Il sistema attuale prevede l’obbligo di compilare i borderò (rossi o verdi a seconda della tipologia di serata, concerto o dj set) con i titoli dei brani suonati dal vivo o tramite supporti. Ma come funziona la ripartizione dei diritti d’autore maturati? Dal momento che ogni locale paga una quota alla Siae per la musica che viene eseguita, ci si aspetterebbe che in base a quelle liste verdi o rosse fossero ripartiti i proventi tra i rispettivi autori dei brani indicati in ciascun borderò. Non è così. Per quelli verdi della musica da ballo, la Siae lavora “a campione”, cioè manda i suoi ispettori a 500 serate e questi prendono nota dei pezzi più suonati. Poi tutto il ricavato annuo di tutte le feste da ballo viene ripartito tra i brani più suonati in quei 500 campioni. Per quanto riguarda i borderò rossi, cioè quelli riguardanti la musica dal vivo, dal 2007 vige lo stesso principio del campione per il 75%, mentre per il restante 25% ci si affida al sorteggio (ma se il borderò presenta anche solo una lettera fuori da uno spazio viene annullato e finisce nel calderone).
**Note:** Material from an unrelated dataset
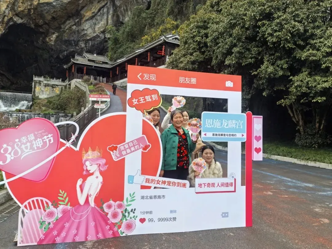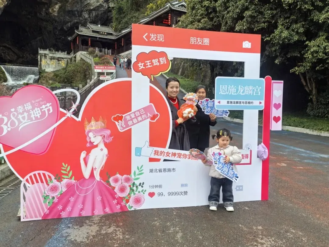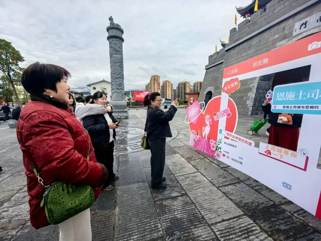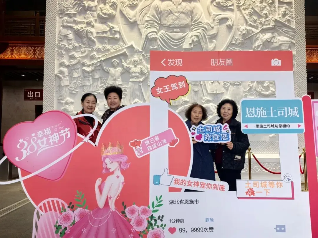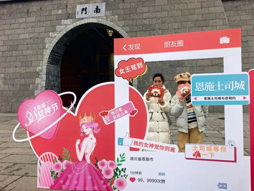 为定格最美瞬间,景区在核心观景位精心设置“3·8女神节·我在恩施土司城/龙麟宫”专属打卡框,成为全场人气焦点。土司城九进堂的雕梁画栋旁、龙麟宫浮桥秘境的水光山色间,女神们驻足留影,快门声此起彼伏,随手一拍便是氛围感大片。大家在朋友圈分享这份美好,让恩施的春日与节日喜悦,传递到更多角落。前100名完成打卡并分享朋友圈的女神,凭记录领取神秘礼品,惊喜与笑意写在每个人的脸上。一份小礼,承载着景区最真挚的节日祝福,让这份宠爱不止于风景,更有实实在在的温暖。

Umberto Palazzo scrive: “È stata scoperta un’orchestra in Campania che falsificava i programmi musicali, cioè su questi scriveva solo brani del capo-orchestra. Praticamente non si prende neanche in considerazione l’idea che ci siano artisti che suonino solo musica di propria composizione. Nell’immaginario corrotto di chi fa i regolamenti Siae esistono solo le orchestra che eseguono i successi dei supersoci. Questo va cambiato perché non è tollerabile suonare dal vivo per fare arricchire ancora di più Zucchero e Co.”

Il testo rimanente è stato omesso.